• Activity:
Word for word, set down the lines from the one that holds "Design to be" through the final line of the listing below, and exclude every picture.

• Material to process:

● ● ● ●

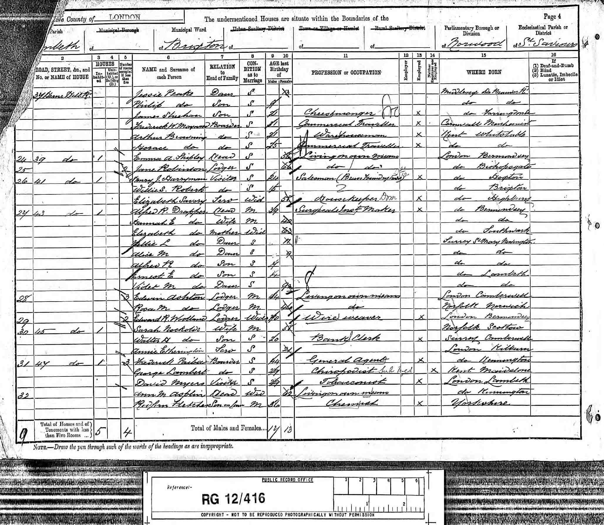 • Lived at: 41 Herne Hills Road, 1891, Brixton, Surrey, England. 4 • Occupation: Salesman, 1891, Brixton, Surrey, England. 4 • Convicted: stealing 7 rugs, 1896, Marylebone, London.
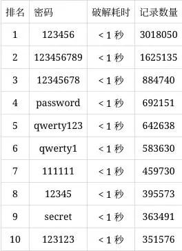 全球范围内,“123456”位列榜首,共有3018050个账户使用此密码,攻击者可在1秒内破解。其他常见弱密码包括“123456789”“12345678”“111111”等,破解耗时均不到1秒。
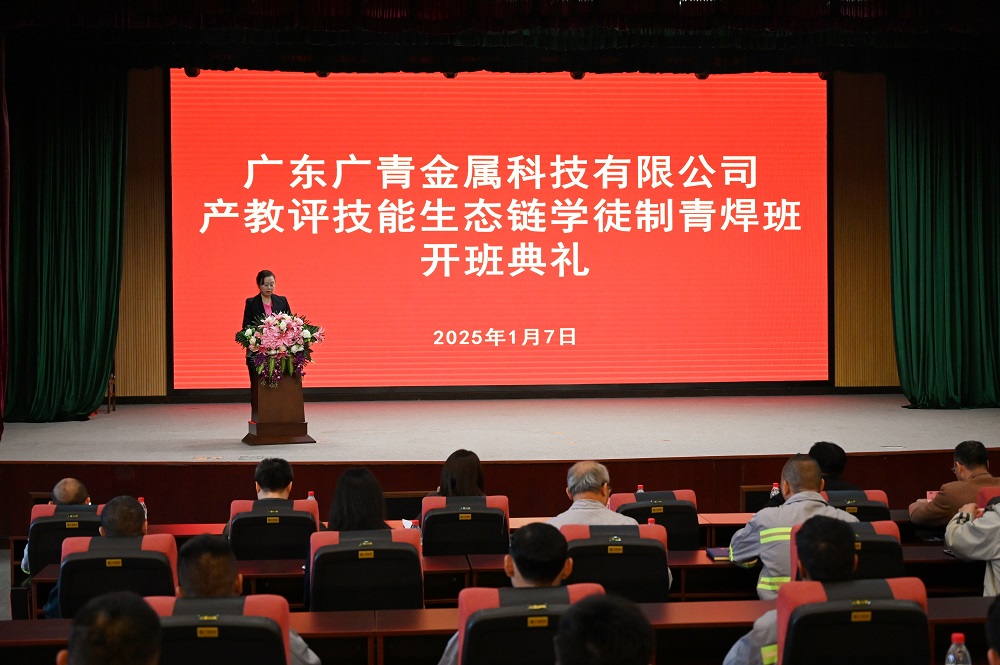 1月7日,由陽江市人力資源和社會保障局主辦、廣東廣青金屬科技有限公司與陽江市中烏巴頓職業(yè)培訓(xùn)學(xué)校聯(lián)合舉辦的產(chǎn)教評技能生態(tài)鏈學(xué)徒制青焊班在公司四樓禮堂開班。市人力資源和社會保障局黨組成員、副局長車代表,公司黨委副書記、工會主席王大慶,中烏巴頓職業(yè)培訓(xùn)學(xué)校校長任香會,市、區(qū)人社局、鏈員企業(yè)有關(guān)負責(zé)人、企業(yè)導(dǎo)師及焊工班學(xué)員約40余人參加開班典禮。
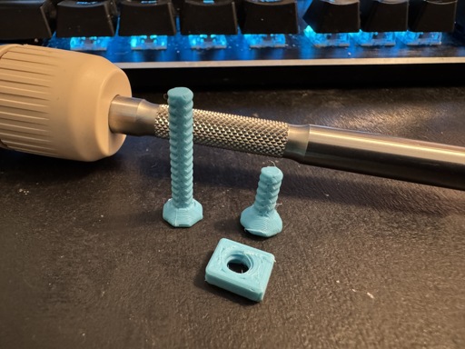 Design to be a drop in replacement for 10-32 screws with a much, much higher pitch. These screws are extremely easy to print, is reliable enough that it can hold some weight.
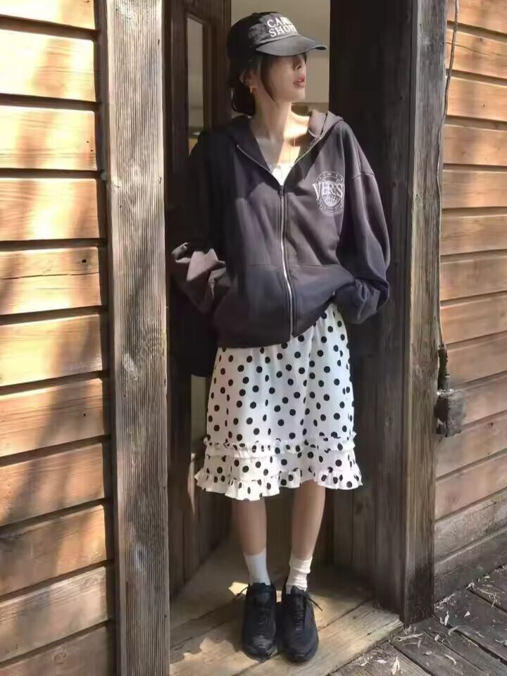 原宿系、エモ、モード…ジャンルを飛び越えて、自由な感性で楽しむ一着。手に入れた瞬間から、新しい自分が始まる。そんな高揚感とともに、最高のスタイリングを楽しんでください。 #ドット柄スカート #原宿系ファッション #ストリート女子 #個性派スタイル
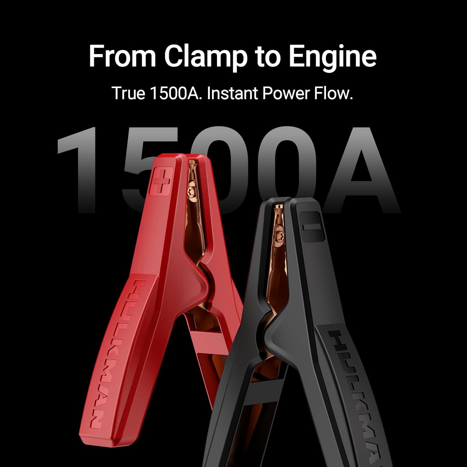 - [Start Dead Batteries] Delivers true 1500A peak current from the clamps—enough to jump start 7.5L Gas/4.5L Diesel engines.

● ● ● ●

• Solved problem:
 Design to be a drop in replacement for 10-32 screws with a much, much higher pitch. These screws are extremely easy to print, is reliable enough that it can hold some weight.
 原宿系、エモ、モード…ジャンルを飛び越えて、自由な感性で楽しむ一着。手に入れた瞬間から、新しい自分が始まる。そんな高揚感とともに、最高のスタイリングを楽しんでください。 #ドット柄スカート #原宿系ファッション #ストリート女子 #個性派スタイル
 - [Start Dead Batteries] Delivers true 1500A peak current from the clamps—enough to jump start 7.5L Gas/4.5L Diesel engines.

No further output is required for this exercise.